Hybrid help in rural areas
In the meantime, marketing of the hybrid router seems likely to focus on rural areas where cable operators are not active. "In rural areas we have buildout obligations and it could help people out of the digital divide," Höttges told reporters in response to questioning from Light Reading. "[Cable operators] have never invested in these areas -- they have always hit the sweet spots."

The device will be available on a range of Deutsche Telekom's "MagentaZuhause" tariffs. For €29.95 ($33.47) a month, customers will be able to receive a service that combines 16 Mbit/s of fixed-line bandwidth with 16 Mbit/s of mobile. That rises to 50 Mbit/s from each access technology for the monthly fee of €34.95 ($39.05) and the full 100 Mbit/s (giving a total of 200 Mbit/s) for €39.95 ($44.64). A TV package is to be included in the service next year.

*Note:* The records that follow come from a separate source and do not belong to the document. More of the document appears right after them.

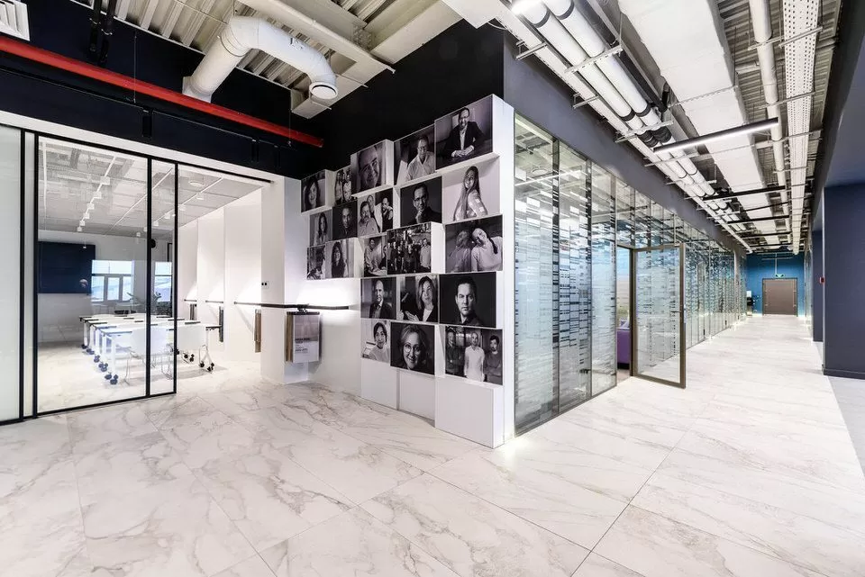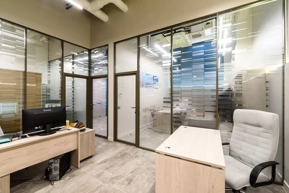 Радиусные перегородки - само по себе нестандартное решение, а подобные перегородки с двойным стеклом - настоящий эксклюзив.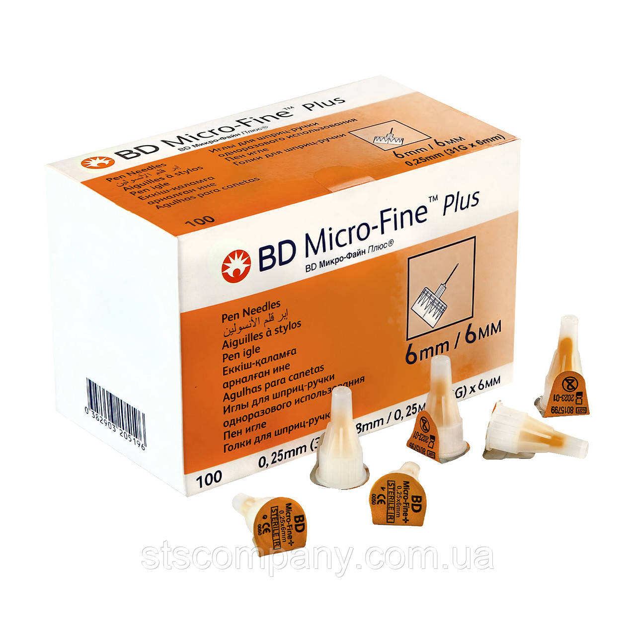 Універсальні інсулінові голки Мікро-Файн Плюс 6 мм (Micro-Fine Plus) для інсулінових шприц-ручок будь-яких виробників.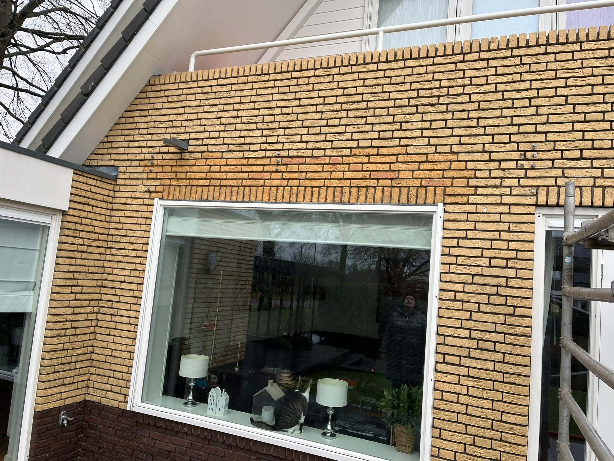3) Het impregneren van de gereinigde en opnieuw gevoegde geveldelen incl. het verzorgen van glasbewassing. (vloeibare basis)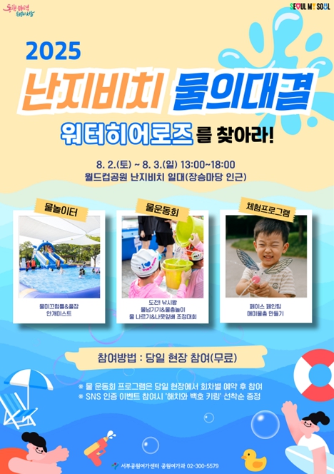 본격적인 휴가 기간인 8월 초의 무더위를 시원하게 이겨낼 수 있는'2025 난지비치 물의 대결! 워터히어로즈를 찾아라!'는 물놀이터, 물 운동회, 체험 부스 등으로 구성된 여름 물놀이 행사로, 공원을 찾는 가족들에게 시원한 여름 바캉스를 선사할 예정이다.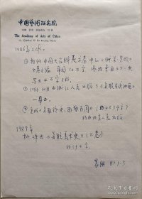 著名美术理论家、中国艺术研究院美术研究所原副所长、研究员,《中国美术报》创刊者之一,20世纪外国美术研究领域的重要理论家、教育家晨朋墨迹(中国艺术研究院笺)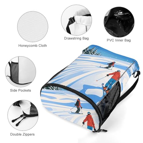 • Waterproof Fabric: This Winter Sports Ski Theme Gym Backpack for Women Is Made of Water-Resistant Honeycomb Cloth That Can Withstand Daily Wear and Tear, Protecting Your Belongings from Rain and Splashes. Designed for Your Convenience, Winter Sports Ski Theme Gym Bookbag Features Quick-Drying and Lightweight Construction, Making It the Perfect Choice for Your Next Travel Adventure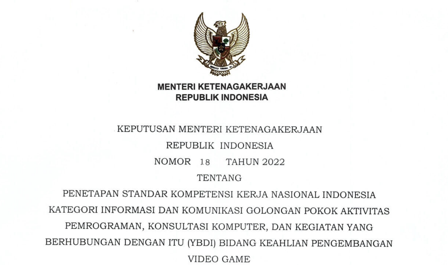 SKKNI untuk Game Development telah usulkan melalui support Kominfo yang selanjutnya dirumuskan oleh pelaku industri dan juga akademisi di tahun 2021, dan disahkan oleh kemenaker di 25 Februari 2022. Kebetulan saat itu saya yang bertugas sebagai ketua tim perumus dari SKKNI Game Development. Kalau mau baca-baca, bisa cek di sini. Dan saat ini, SKKNI tersebut lagi diiterasi lagi agar bisa lebih presisi dan mengikuti kondisi di lapangan terkini.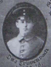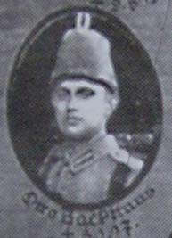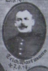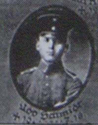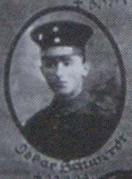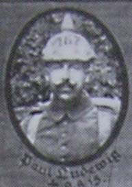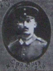 Auf der Frontseite hängt eine Ehrengirlande über einem Eisernem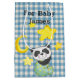 Niedlicher Babypanda mit hellgelbem Mond und Sternen auf blauem Gingham-Muster. Text ist bearbeitbar.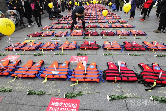 ▲ 세월호 참사 1000일을 이틀 앞둔 7일 오후 서울 중구 광화문광장에서 11차 촛불집회가 열린 가운데 세월호 참사 희생자 304명을 의미하는 304개의 구명조끼가 놓여 있다. /양문숙 기자 photoyms@seoulmedia.co.kr▲ 세월호 참사 1000일을 이틀 앞둔 7일 오후 서울 중구 광화문광장에서 11차 촛불집회가 열린 가운데 세월호 참사 희생자 304명을 의미하는 304개의 구명조끼가 놓여 있다. /양문숙 기자 photoyms@seoulmedia.co.kr▲ 세월호 참사 1000일을 이틀 앞둔 7일 오후 서울 중구 광화문광장에서 11차 촛불집회가 열린 가운데 세월호 참사 희생자 304명을 의미하는 304개의 구명조끼가 놓여 있다. /양문숙 기자 photoyms@seoulmedia.co.kr▲ 세월호 참사 1000일을 이틀 앞둔 7일 오후 서울 중구 광화문광장에서 11차 촛불집회가 열린 가운데 세월호 참사 희생자 304명을 의미하는 304개의 구명조끼가 놓여 있다. /양문숙 기자 photoyms@seoulmedia.co.kr▲ 세월호 참사 1000일을 이틀 앞둔 7일 오후 서울 중구 광화문광장에서 11차 촛불집회가 열린 가운데 세월호 참사 희생자 304명을 의미하는 304개의 구명조끼가 놓여 있다. /양문숙 기자 photoyms@seoulmedia.co.kr SCRAP SHARE 관련기사 "친구들아 다시 만날땐 열여덟살 그 모습을 기억해줘" 광화문 촛불 모두 울었다 양문숙 기자 yms7890@hanmail.net 다른기사 보기 저작권자 © 여성경제신문 무단전재 및 재배포 금지 당신만 안 본 뉴스 건보공단, 배상책임보험 트집 잡다 '역풍'···환수금 대신 망신살 챙겼다 56조 화이자 '승자의 저주'···ADC 2년 '옥석', 리가켐바이오 '순항' 박헌정 더봄 올가을 단풍은 대체 언제 드는 거야? 홍미옥 더봄 요즘 핫해!···달콤함의 최강자 무화과의 매력 김성재 칼럼 마이클 버리의 'AI 거품설' 타당한가 기자수첩 론스타 사건, '시작은 DJ, 끝은 한동훈'이란 유치한 서사 '기대감' 끝났다···3분기 제약·바이오社 성과 '피라미드' 건보공단, 배상책임보험 트집 잡다 '역풍'···환수금 대신 망신살 챙겼다 개의 댓글 회원로그인 작성자 비밀번호 댓글 내용입력 댓글 정렬 BEST댓글 BEST 댓글 답글과 추천수를 합산하여 자동으로 노출됩니다. 닫기 더보기 댓글삭제 삭제한 댓글은 다시 복구할 수 없습니다. 그래도 삭제하시겠습니까? 비밀번호 닫기 댓글수정 댓글 수정은 작성 후 1분내에만 가능합니다. 본문 / 400 비밀번호 닫기 내 댓글 모음 닫기 주요기사 최초 '유엔 여성 사무총장' 나오나···차기 후보 권장 명시 GC녹십자, 'mRNA-LNP 플랫폼' 성과 발표···"혁신 치료제 개발 지속" KB금융, 데이터·AI 전략 총점검···양종희 "체감할 수 있는 혁신해야" 비만약 ‘위고비’도 못 넘은 벽···알츠하이머 임상 줄줄이 ‘좌절’ "누가 발행?" 답 없고 "준비금은?" 말 없는 하나금융 스테이블코인 전략 "죽고 다치는 급식노동자 많아"···국회 앞 '법 개선 촉구' 집회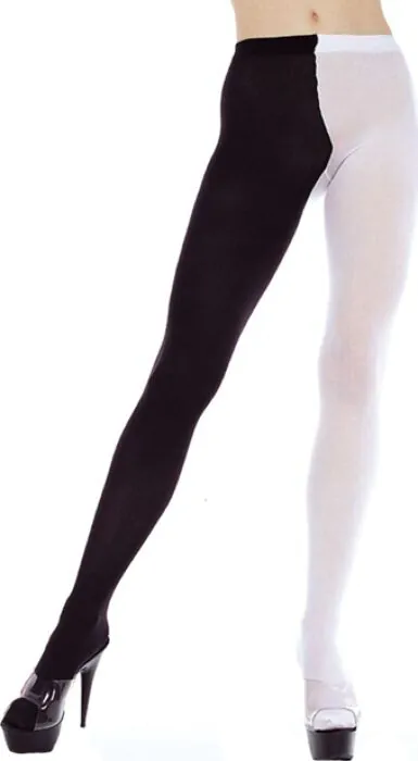 Opake panty van Music Legs in maat XXL met een opvallende twist: één been zwart, het andere wit. Deze panty geeft meer dekking dan doorschijnende kousen en werkt goed als statementpiece bij feestelijke of speelse outfits. Kies dit model als je een ruime pasvorm zoekt met een asymmetrische uitstraling zonder veel poespas.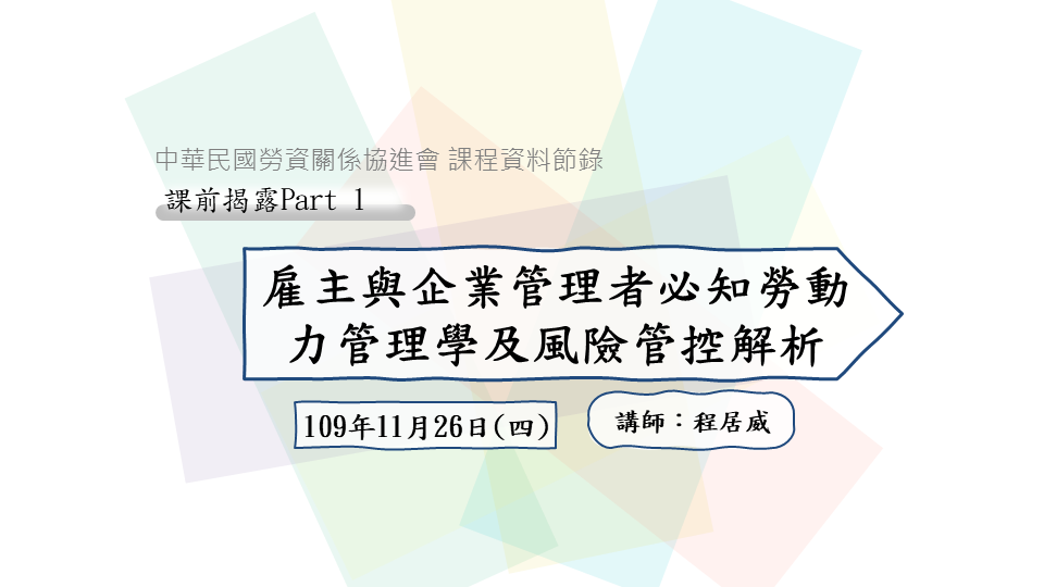 【11月26日 雇主與企業管理者必知勞動力管理學及風險管控解析 課前揭露】Part 3【11月26日 雇主與企業管理者必知勞動力管理學及風險管控解析 課前揭露】Part 3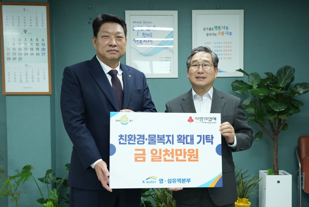 [메이저뉴스] 전라남도 나주시는 한국수자원공사 영·섬유역본부와 나주수도지사가 지역의 환경 보호와 물 복지 증진을 위해 24일 지원금 1천만 원을 기탁했다고 밝혔다.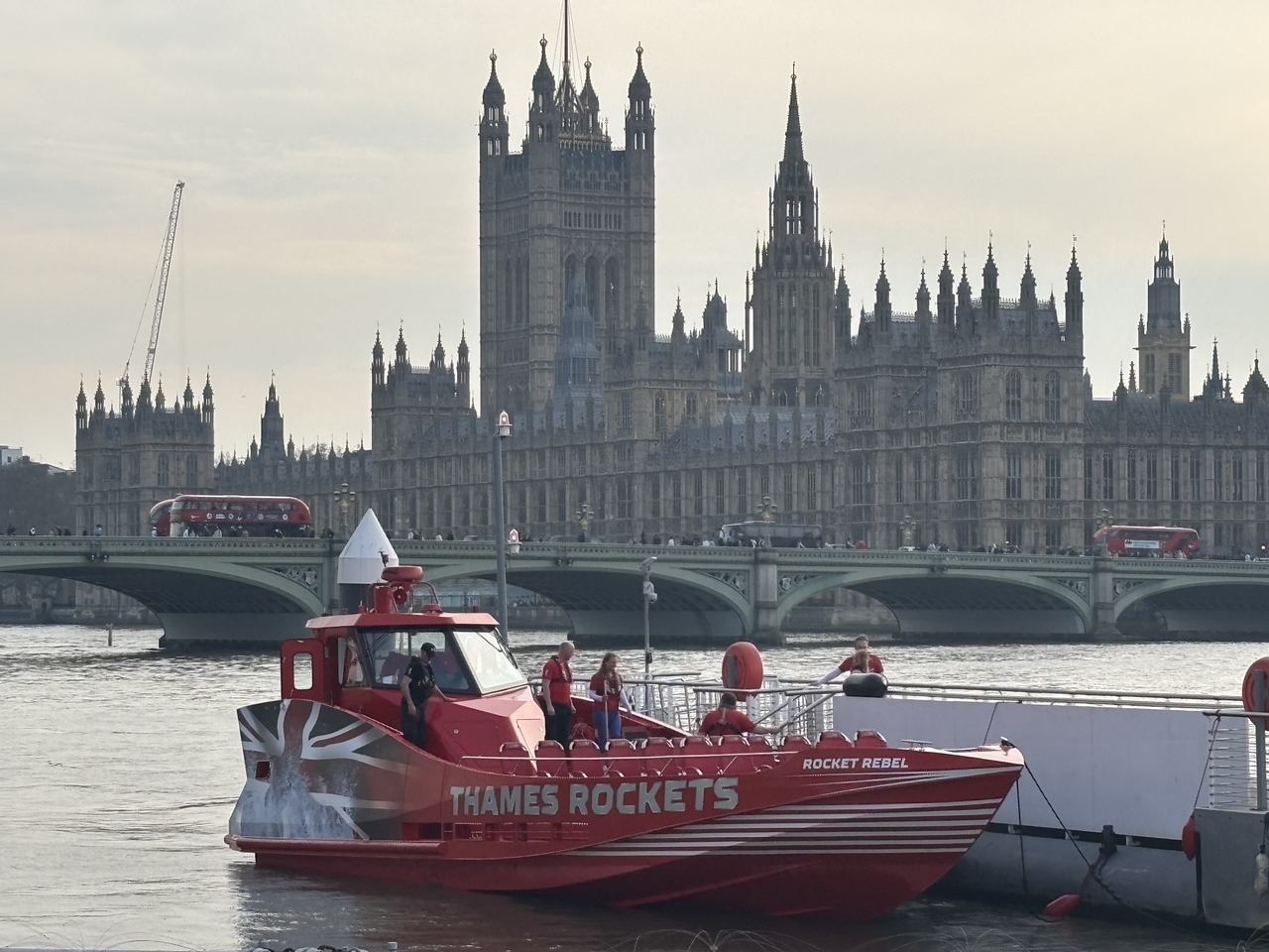 Breathtaking and hair-raising! Rocket Rebel sails from London Eye Pier in the heart of London. At first the Rocket Rebel Ultimate London Adventure is gentle as we head upriver a short way for a look at Big Ben and the Houses of Parliament, then we turn, and the adrenaline starts quietly pumping even though we’re still at a modest speed.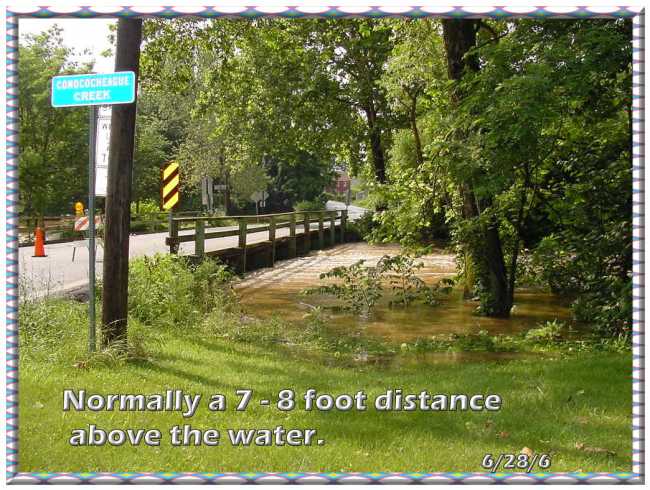 This is the Conococheague (kon-o-ko-jig) creek as of 6/28/6. The water is currently at 7-8ft. It would need rise probably 15-20 MORE before it could get to my basement. The stream runs about 400 feet in back of my house - but, thankfully, although it is at record height, it would still probably need go up another 15-20 feet to get to my basement as my house sits on a hill. I live about 1/2 mile from where this pic was taken. The Western MD runs just behind the brick building you see in the background - Hemingray 42's, 45's, CD 152 Brookfield's, plastic, and a sparse CREB 145 here and there (well - not for long)! |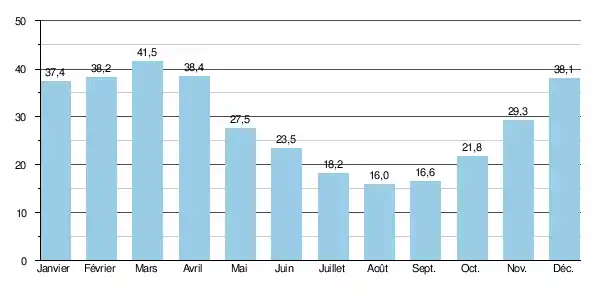 | Nombre de jours avec précipitations | 12,8 | 12,4 | 12,3 | 12,2 | 14,9 | 12,1 | 13,4 | 13,1 | 11,7 | 13,2 | 13,4 | 14,4 | 155,9 |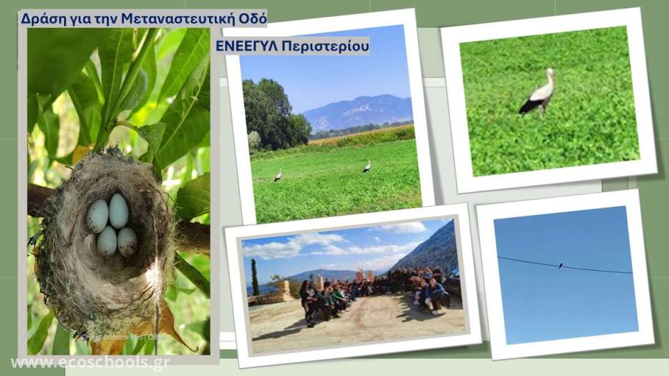 Μόλις μια μέρα πριν το κλείσιμο των σχολείων για Πάσχα. Αποφασίσαμε να πάμε μια εκπαιδευτική εκδρομή με τους μαθητές μας στο Ν. Κορινθίας, έτσι ώστε να αναζητήσουμε και να μελετήσουμε τα αποδημητικά πουλιά. Η χαρά των μαθητών ήταν απερίγραπτη, αφού τους δόθηκε η δυνατότητα από το τσιμέντο της πόλης να έρθουν σε επαφή με το πράσινο της φύσης, την βλάστηση, το νερό, τα βουνά και το οικοσύστημα της περιοχής. Εκεί μας δόθηκε η δυνατότητα να συλλέξουμε πολύτιμες πληροφορίες μέσω παρατήρησης και φωτογράφισης των φτερωτών φίλων μας (πελαργοί, χελιδόνια), ενώ εξερευνήσαμε και φωλιές άλλων σπάνιων πουλιών. Η εμπειρία αυτή μας βοήθησε να κατανοήσουμε καλύτερα τη σημασία της προστασίας των αποδημητικών πουλιών και του φυσικού περιβάλλοντος.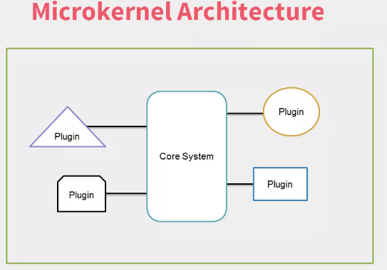 微内核架构(Microkernelarchitecture)模式也被称为插件架构(pluginarchitecture)模式。这是产品型应用程序的理想模式,由两部分组成:核心系统和插件模块。核心系统通常包含最小的业务逻辑,并确保能够加载、卸载和运行应用所需的插件。许多操作系统使用这种模式,因此得名微内核。 插件彼此独立,因此解偶。核心系统持有注册器,插件将自己注册其上,因此核心系统知道哪里可以找到它们以及如何运行它们。这种模式非常适合桌面应用程序,但是也可以在 Web 应用程序中使用。事实上,许多不同的架构模式可以作为整个系统的一个插件。对于产品型应用程序来说,如果我们想将新特性和功能及时加入系统,微内核架构是一种不错的选择。 - 敏捷性:由于插件可以独立开发并注册到核心系统,微内核架构具有很高的敏捷性。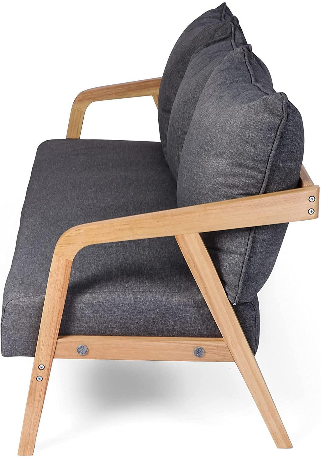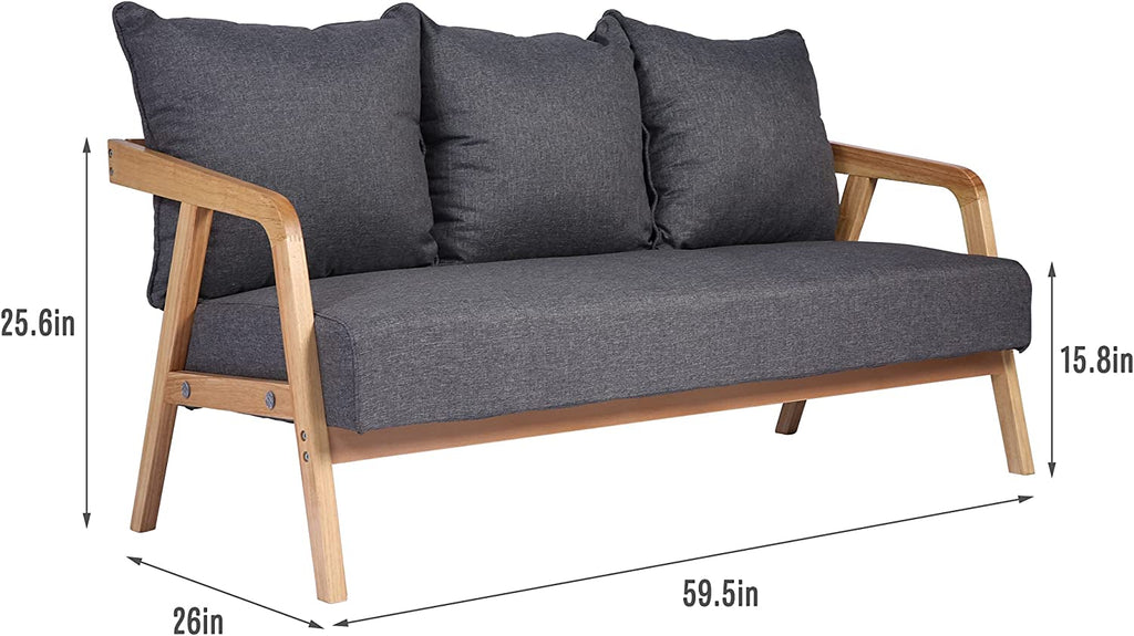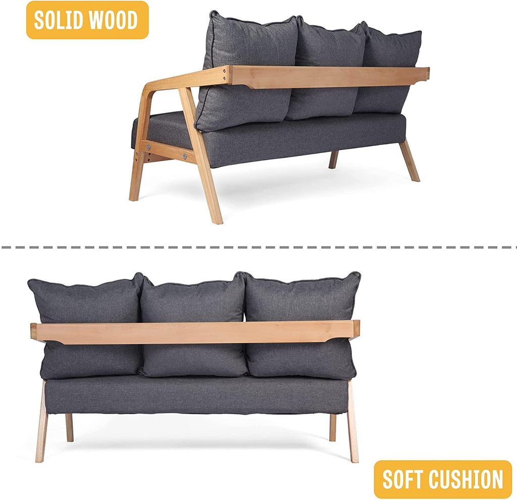 This modern and simple design 3-seat fabric is great for a variety of styles. Three super soft cushions, 26d-28d native sponge filled, rubber wood solid wood frame, walnut color handrail. The arms and legs of the sofa are designed in one piece, solid wood legs are strong and durable. Whether it's in an apartment, an office, a small space, or an outdoor recreation area. All the angles are good. Save a space. The sofa couch is simple to assemble. Easy to move. Light and firm.

The router will also be made available in other markets. Later this year, it is to go on sale in Montenegro -- where Deutsche Telekom has already trialed the technology -- and it will then be introduced into Hungary. The operator's relatively modest objective is to deploy around 100,000 routers outside Germany before 2016.

Deutsche Telekom is not the only operator that has been looking into hybrid. Vodafone España S.A. has been piloting a technology it calls "DSL/4G bonding." In a previous discussion with Light Reading, Huawei, which is providing equipment to both players, confirmed the Vodafone and Deutsche Telekom services work in largely the same way. Vodafone, however, has yet to announce plans for a commercial launch.

— Iain Morris, Circle me on Google+ Follow me on TwitterVisit my LinkedIn profile, News Editor, Light Reading

iainmorris 3/12/2015 | 1:49:43 PM
Alteration Wording tweaked to make it clear that 500Mbit/s will be made available for 12% of households "in Europe" in coming years and not necessarily in DT's domestic market. 
mhhf1ve 3/11/2015 | 10:17:11 PM
data caps? Maybe I've just been brainwashed by US telcos, but how do you bond DSL and 4G wireless -- and not run into ridiculously low wireless data caps? That 100Mbps connection would last maybe a day before it hit my monthly data cap in my neck of the woods.